Add subtree dependency
# Add git subtree of 'master' branch into the relative directory 'modules/zlib'
git subtree add -P modules/zlib https://github.com/madler/zlib.git master --squash
Update subtree from the upstream remote repository
git subtree pull -P modules/zlib https://github.com/madler/zlib.git master --squash
Contribute changes from subtree back to the upstream remote repository
git subtree push -P modules/zlib https://github.com/madler/zlib.git master
Remove subtree dependency
# Remove git subtree from the relative directory 'modules/zlib'
git rm -f modules/zlib
Subtrees manual management problem
Initially git subtrees lack of the same repository duplicate problem which git submodules have. Therefore all repositories with multiple dependencies will be duplicated and require manual and careful management.
For instance CppBenchmark
repository presented four times in our sample:
~/gil/sample/CppBenchmark
~/gil/sample/CppCommon/modules/CppBenchmark - DUPLICATE!
~/gil/sample/CppLogging/modules/CppBenchmark - DUPLICATE!
~/gil/sample/CppLogging/modules/CppCommon/modules/CppBenchmark - DUPLICATE!
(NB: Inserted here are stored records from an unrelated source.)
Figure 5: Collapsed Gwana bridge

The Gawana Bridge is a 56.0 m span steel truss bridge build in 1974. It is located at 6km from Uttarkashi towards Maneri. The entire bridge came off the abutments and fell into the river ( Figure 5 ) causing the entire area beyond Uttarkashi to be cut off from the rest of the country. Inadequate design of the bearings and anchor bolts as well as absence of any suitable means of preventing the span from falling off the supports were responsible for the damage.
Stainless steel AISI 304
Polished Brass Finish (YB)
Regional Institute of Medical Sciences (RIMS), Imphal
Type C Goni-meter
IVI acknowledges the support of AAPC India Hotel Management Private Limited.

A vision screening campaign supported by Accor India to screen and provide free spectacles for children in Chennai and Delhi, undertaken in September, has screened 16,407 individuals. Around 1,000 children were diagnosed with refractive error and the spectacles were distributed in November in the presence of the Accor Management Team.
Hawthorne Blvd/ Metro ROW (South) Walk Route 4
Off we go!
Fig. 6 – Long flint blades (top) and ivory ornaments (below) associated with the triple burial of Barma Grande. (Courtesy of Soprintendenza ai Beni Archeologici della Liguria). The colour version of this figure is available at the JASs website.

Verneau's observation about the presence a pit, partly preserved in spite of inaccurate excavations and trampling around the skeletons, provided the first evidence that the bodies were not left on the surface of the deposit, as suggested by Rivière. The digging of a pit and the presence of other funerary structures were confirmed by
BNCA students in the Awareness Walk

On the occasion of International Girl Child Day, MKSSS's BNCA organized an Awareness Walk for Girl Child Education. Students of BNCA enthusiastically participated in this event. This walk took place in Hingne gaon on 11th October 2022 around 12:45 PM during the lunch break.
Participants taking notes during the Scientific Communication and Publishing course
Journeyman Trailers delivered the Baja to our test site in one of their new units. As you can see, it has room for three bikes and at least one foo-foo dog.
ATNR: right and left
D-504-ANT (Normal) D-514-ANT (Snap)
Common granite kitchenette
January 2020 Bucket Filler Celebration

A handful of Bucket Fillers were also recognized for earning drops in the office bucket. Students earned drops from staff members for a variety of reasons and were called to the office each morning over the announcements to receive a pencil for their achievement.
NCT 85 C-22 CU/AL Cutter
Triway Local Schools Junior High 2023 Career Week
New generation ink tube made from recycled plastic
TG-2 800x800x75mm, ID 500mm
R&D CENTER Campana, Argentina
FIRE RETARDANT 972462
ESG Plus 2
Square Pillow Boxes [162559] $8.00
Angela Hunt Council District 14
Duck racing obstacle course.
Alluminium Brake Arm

The first problem if you updated CppBenchmark
and want to get the fix in all
dependent repositories you have to update them manually with the set of
git subtree pull
commands:
# Commit and push changes in CppBenchmark repository
cd CppBenchmark
git commit -a -m "Bugfix in CppBenchmark"
git push
cd ..
# Update CppCommon repository
cd CppCommon
git subtree pull --prefix modules/CppBenchmark https://github.com/chronoxor/test-CppBenchmark.git main --squash
git push
cd ..
# Update CppLogging repository
cd CppLogging
git subtree pull --prefix modules/CppBenchmark https://github.com/chronoxor/test-CppBenchmark.git main --squash
git subtree pull --prefix modules/CppCommon https://github.com/chronoxor/test-CppCommon.git main --squash
git push
cd ..
The second problem if you found a bug in CppBenchmark
while debugging
CppLogging
and want to fix it in place, push the changes and update all
repositories properly. In this case you need to make the following steps:
# Commit and push changes in CppBenchmark but from CppLogging repository
cd CppLogging
git commit -a -m "Bugfix in CppBenchmark (found in CppLogging repository)"
git push
git subtree push --prefix modules/CppBenchmark https://github.com/chronoxor/test-CppBenchmark.git main --squash
cd ..
# Update CppBenchmark repository
cd CppBenchmark
git pull
cd ..
# Update CppCommon repository
cd CppCommon
git subtree pull --prefix modules/CppBenchmark https://github.com/chronoxor/test-CppBenchmark.git main --squash
git push
cd ..
# Update CppLogging repository
cd CppLogging
git subtree pull --prefix modules/CppBenchmark https://github.com/chronoxor/test-CppBenchmark.git main --squash
git subtree pull --prefix modules/CppCommon https://github.com/chronoxor/test-CppCommon.git main --squash
git push
cd ..
As the result too much manual work should be done to make all repositories up to date. Definitely all commands should be stored into scripts with care. And this job requires some efforts and testing because it is very easy to make a mistake. Git subtrees are good and easy to use for small repositories without complicated hierarchy. But working with huge complicated repositories using git subtrees is a big challenge as git subtrees do not suppot recursing pull/push/update commands.